### Supplied material

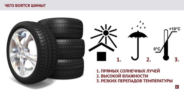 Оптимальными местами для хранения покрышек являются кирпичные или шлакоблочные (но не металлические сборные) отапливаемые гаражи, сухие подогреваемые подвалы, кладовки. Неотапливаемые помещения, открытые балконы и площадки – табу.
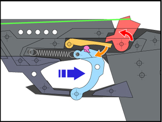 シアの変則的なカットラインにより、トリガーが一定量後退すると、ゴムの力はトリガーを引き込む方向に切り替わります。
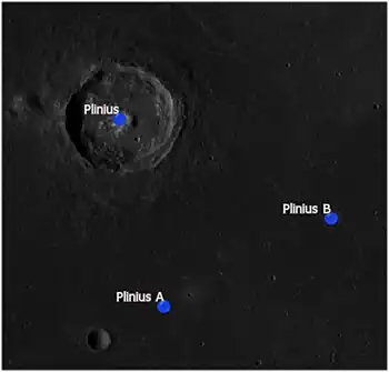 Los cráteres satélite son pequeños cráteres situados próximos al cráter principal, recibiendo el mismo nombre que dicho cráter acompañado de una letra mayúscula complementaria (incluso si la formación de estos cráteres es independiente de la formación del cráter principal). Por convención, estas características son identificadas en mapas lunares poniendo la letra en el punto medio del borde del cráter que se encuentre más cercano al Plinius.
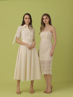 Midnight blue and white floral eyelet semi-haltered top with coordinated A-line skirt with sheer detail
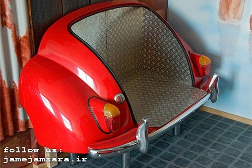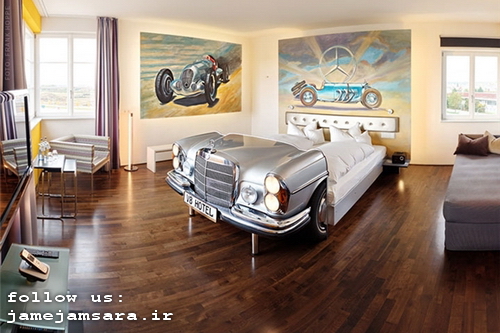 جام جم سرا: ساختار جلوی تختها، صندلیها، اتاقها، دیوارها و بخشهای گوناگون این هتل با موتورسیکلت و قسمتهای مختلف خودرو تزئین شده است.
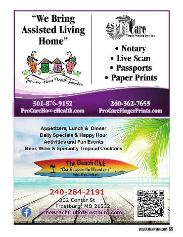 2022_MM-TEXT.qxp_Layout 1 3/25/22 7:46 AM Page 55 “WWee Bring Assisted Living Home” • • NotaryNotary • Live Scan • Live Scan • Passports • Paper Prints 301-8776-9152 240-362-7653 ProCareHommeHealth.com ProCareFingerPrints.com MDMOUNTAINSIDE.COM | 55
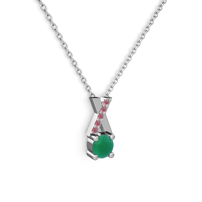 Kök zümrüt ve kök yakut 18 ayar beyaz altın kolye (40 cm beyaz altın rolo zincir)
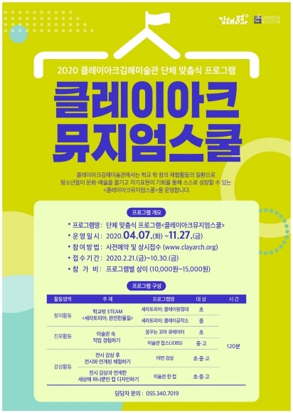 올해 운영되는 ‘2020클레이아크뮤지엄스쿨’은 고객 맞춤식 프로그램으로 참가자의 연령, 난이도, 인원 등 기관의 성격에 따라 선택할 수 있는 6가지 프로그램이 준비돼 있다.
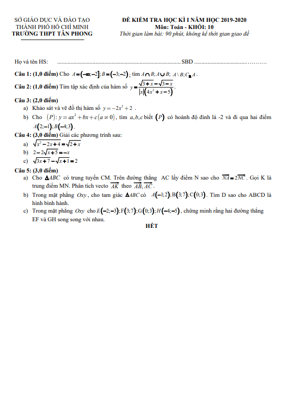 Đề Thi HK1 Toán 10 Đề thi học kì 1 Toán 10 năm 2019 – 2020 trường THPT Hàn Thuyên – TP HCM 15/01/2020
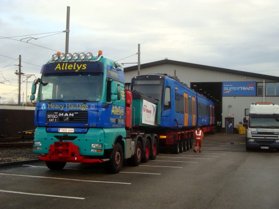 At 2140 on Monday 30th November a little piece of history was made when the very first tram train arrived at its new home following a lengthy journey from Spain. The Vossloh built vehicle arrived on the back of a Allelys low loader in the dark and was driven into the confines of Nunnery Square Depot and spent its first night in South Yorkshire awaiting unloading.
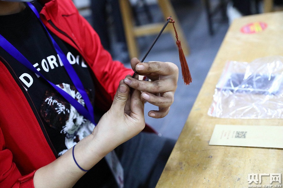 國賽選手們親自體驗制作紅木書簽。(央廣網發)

--

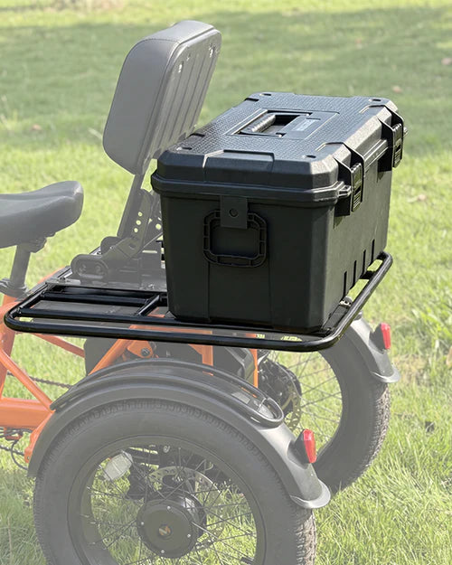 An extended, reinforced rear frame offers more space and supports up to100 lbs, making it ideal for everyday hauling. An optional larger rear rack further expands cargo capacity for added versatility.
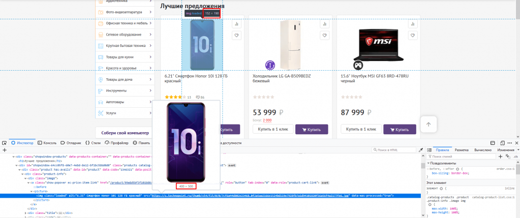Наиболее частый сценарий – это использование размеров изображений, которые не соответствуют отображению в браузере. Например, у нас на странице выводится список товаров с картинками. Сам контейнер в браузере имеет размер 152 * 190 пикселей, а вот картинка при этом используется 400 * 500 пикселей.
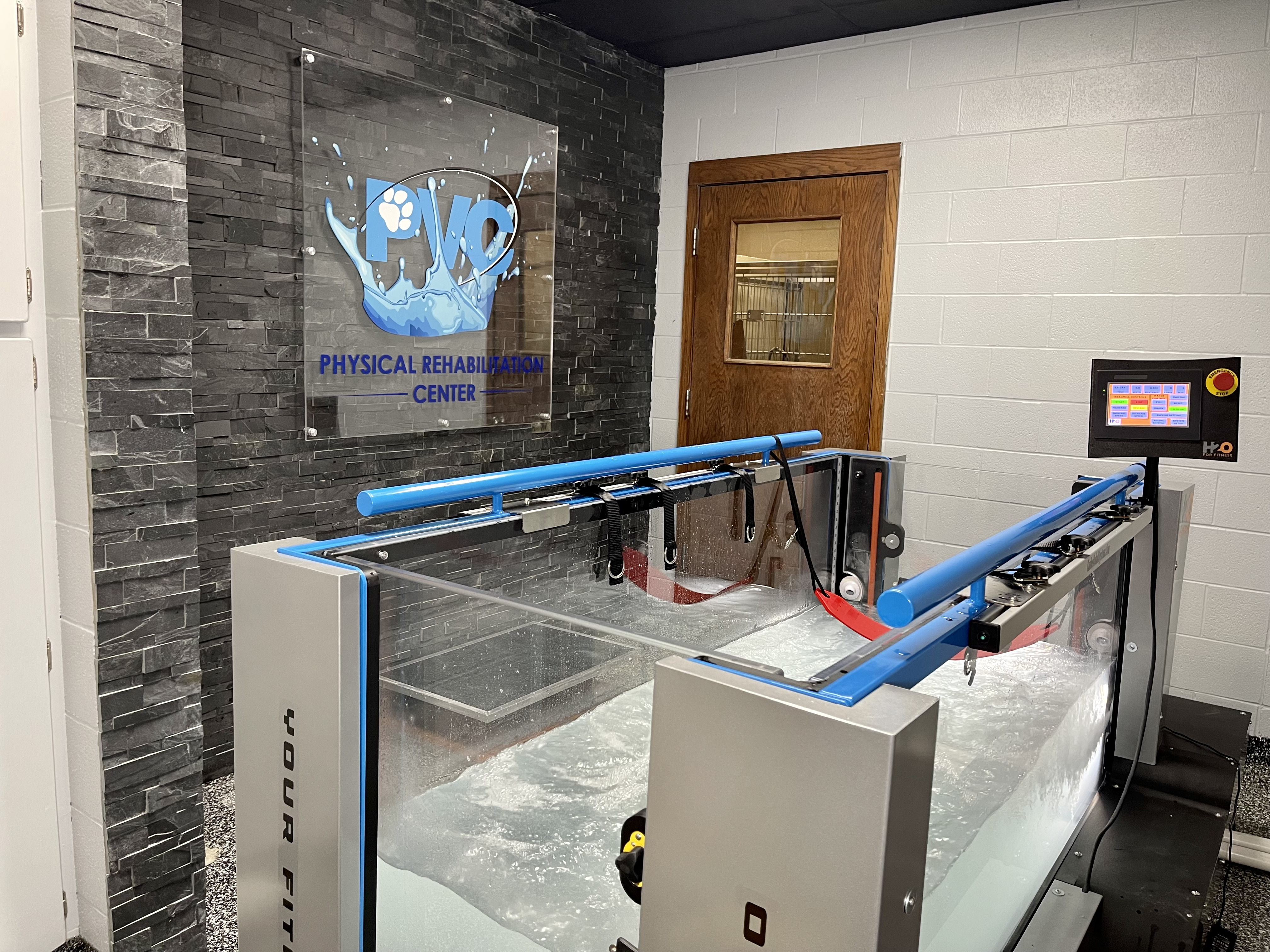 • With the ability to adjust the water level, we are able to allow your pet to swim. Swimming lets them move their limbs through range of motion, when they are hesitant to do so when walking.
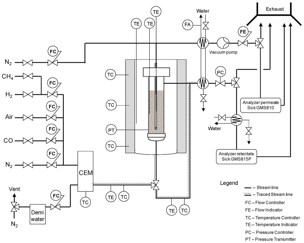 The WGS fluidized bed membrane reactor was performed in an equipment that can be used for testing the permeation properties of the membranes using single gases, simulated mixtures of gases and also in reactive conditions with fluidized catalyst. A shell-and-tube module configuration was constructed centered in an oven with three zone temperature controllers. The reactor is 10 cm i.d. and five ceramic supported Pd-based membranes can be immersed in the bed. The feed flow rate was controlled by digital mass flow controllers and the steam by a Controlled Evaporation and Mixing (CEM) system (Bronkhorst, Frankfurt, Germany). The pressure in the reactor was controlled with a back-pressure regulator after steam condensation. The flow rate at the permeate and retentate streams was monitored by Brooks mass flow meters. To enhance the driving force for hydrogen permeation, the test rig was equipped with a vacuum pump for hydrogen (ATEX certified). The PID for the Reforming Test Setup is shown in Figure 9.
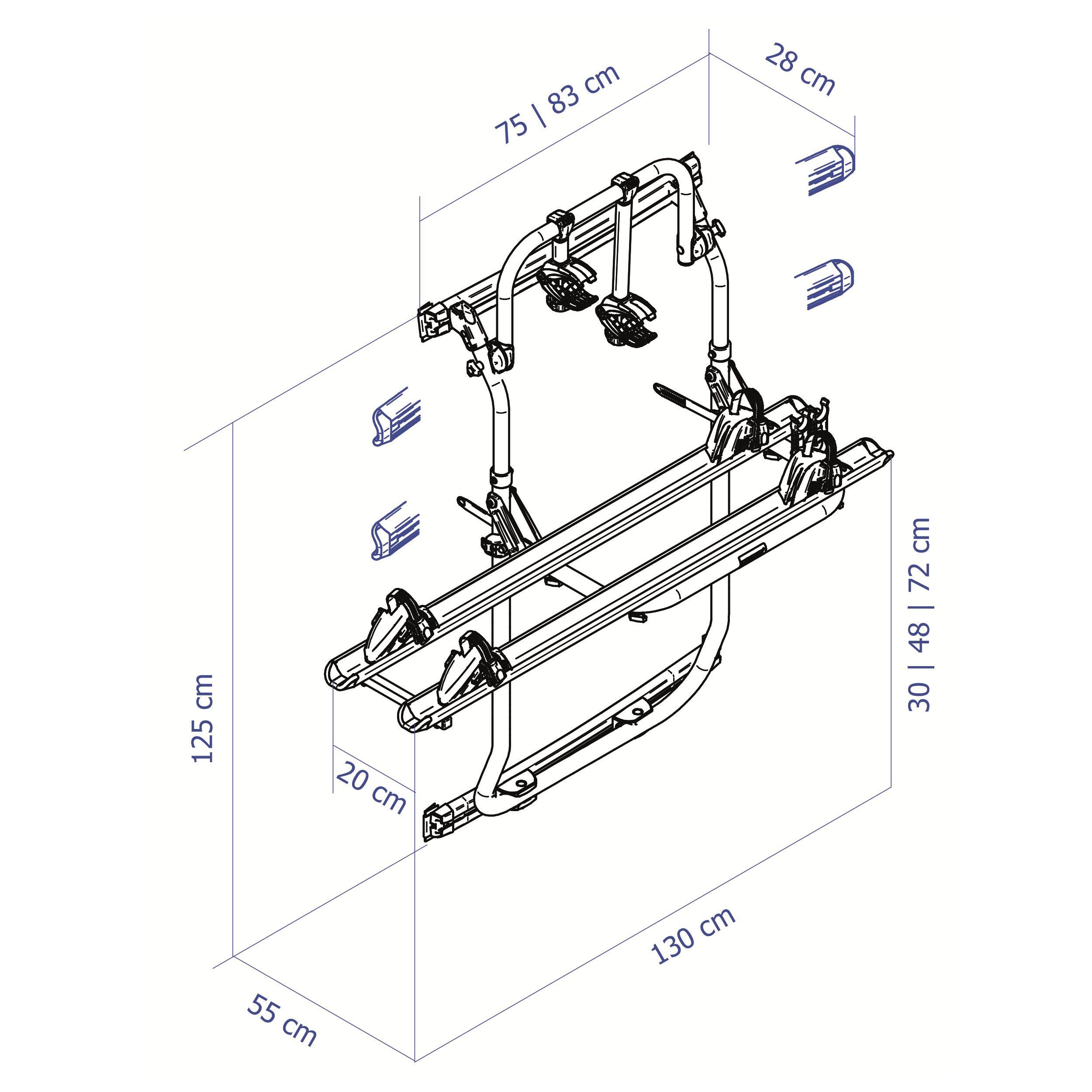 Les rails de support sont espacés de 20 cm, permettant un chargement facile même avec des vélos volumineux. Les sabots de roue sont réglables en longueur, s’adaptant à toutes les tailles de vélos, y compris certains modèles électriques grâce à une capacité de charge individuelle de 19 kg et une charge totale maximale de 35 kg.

==

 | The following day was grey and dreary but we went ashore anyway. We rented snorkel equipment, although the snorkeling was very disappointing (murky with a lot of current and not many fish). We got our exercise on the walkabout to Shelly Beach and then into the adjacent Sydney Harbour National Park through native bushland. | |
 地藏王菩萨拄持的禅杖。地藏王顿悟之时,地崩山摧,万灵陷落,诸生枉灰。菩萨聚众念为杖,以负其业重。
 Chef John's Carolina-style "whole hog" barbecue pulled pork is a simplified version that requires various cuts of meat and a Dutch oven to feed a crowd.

### Exercise brief
With the pictures omitted, print the lines above exactly, beginning at the line with "Los cráteres satélite" and going on through the line with "2022_MM-TEXT.qxp_Layout 1 3/25/22".

### Response to this task
 Los cráteres satélite son pequeños cráteres situados próximos al cráter principal, recibiendo el mismo nombre que dicho cráter acompañado de una letra mayúscula complementaria (incluso si la formación de estos cráteres es independiente de la formación del cráter principal). Por convención, estas características son identificadas en mapas lunares poniendo la letra en el punto medio del borde del cráter que se encuentre más cercano al Plinius.
 Midnight blue and white floral eyelet semi-haltered top with coordinated A-line skirt with sheer detail
 جام جم سرا: ساختار جلوی تختها، صندلیها، اتاقها، دیوارها و بخشهای گوناگون این هتل با موتورسیکلت و قسمتهای مختلف خودرو تزئین شده است.
 2022_MM-TEXT.qxp_Layout 1 3/25/22 7:46 AM Page 55 “WWee Bring Assisted Living Home” • • NotaryNotary • Live Scan • Live Scan • Passports • Paper Prints 301-8776-9152 240-362-7653 ProCareHommeHealth.com ProCareFingerPrints.com MDMOUNTAINSIDE.COM | 55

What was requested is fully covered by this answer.